Reports: Trump eyes short-term infrastructure fixes in Gaza to advance secret peace plan

by WorldTribune Staff, July 8, 2018

The United States will prioritize improving conditions in the Gaza Strip in order to bring the Palestinian Authority (PA) to the negotiating table with Israel and move President Donald Trump’s peace plan forward, a report said.

One possibility would be projects to improve Gaza’s electrical and water services.

The PA continues to boycott peace talks in protest of Trump’s recognition of Jerusalem as Israel’s capital.

The boycott has led the U.S. to consider an infusion of development aid funds to Gaza, The Washington Post reported on July 7.

“It’s providing support to people in Gaza as a first stage,” one senior Israeli official told the Post. “They know the Palestinians are not willing to consider [the larger proposal], so they are starting to put more attention on the humanitarian situation in Gaza.”

U.S., Israeli and Arab officials requested anonymity to discuss the U.S. diplomatic initiative because the plan led by senior White House adviser Jared Kushner remains under wraps, the report said.

“We definitely have a Gaza focus right now because the situation is the way it is, and we want to try to help,” a senior Trump administration official told the Post. “But it’s not as though we think we need to fix Gaza first before we would air the peace plan.”

One possibility would be projects to improve Gaza’s electrical and water services in the short term, most likely funded by Persian Gulf states and other potential donors and coordinated with UN Middle East envoy Nikolay Mladenov, according to the report.

Israeli officials said they welcome a “Gaza first” approach as a way to both put pressure on Hamas and wait out the rival Ramallah-based PA leadership.
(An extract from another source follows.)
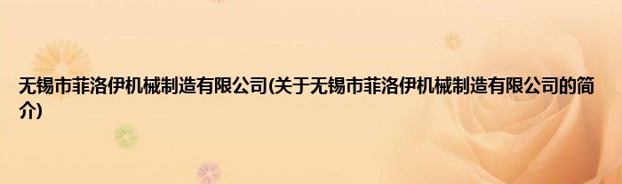 本文关于无锡市菲洛伊机械制造有限公司的简介就讲解完毕,希望对大家有所帮助。

Israel, Egypt and the Palestinian Authority maintain an embargo on Hamas-led Gaza.

A recent report by Haaretz said the Trump administration is trying to convince Arab monarchies in the Gulf to invest hundreds of millions of dollars in economic projects in Gaza, in an attempt to calm the security situation in the coastal enclave and generate momentum before the White House presents its peace plan.

Trump recently declined to offer a timetable for announcing his plan, saying only that “progress” had been made in tackling the complex issue.

“A lot of progress has been made in the Middle East, a lot,” he said in late June after a meeting at the White House with King Abdullah II of Jordan.